> _Task instructions_
Only the stretch of the listing below that runs from the line with "Dress in the" through the line with "This year's celebrations" is to be printed, exactly and with both ends.

> _Record set_
★ ★ ★ ★ ★ ★ ★

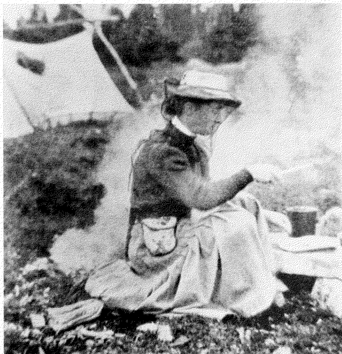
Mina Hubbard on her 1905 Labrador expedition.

★ ★ ★ ★ ★ ★ ★

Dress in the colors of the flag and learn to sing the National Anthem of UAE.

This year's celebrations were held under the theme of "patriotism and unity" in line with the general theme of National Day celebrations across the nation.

★ ★ ★ ★ ★ ★ ★

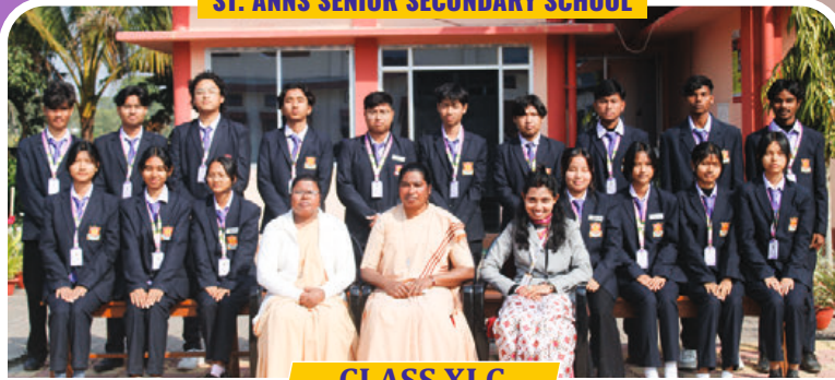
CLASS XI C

★ ★ ★ ★ ★ ★ ★

> _Written reply_
Dress in the colors of the flag and learn to sing the National Anthem of UAE.

This year's celebrations were held under the theme of "patriotism and unity" in line with the general theme of National Day celebrations across the nation.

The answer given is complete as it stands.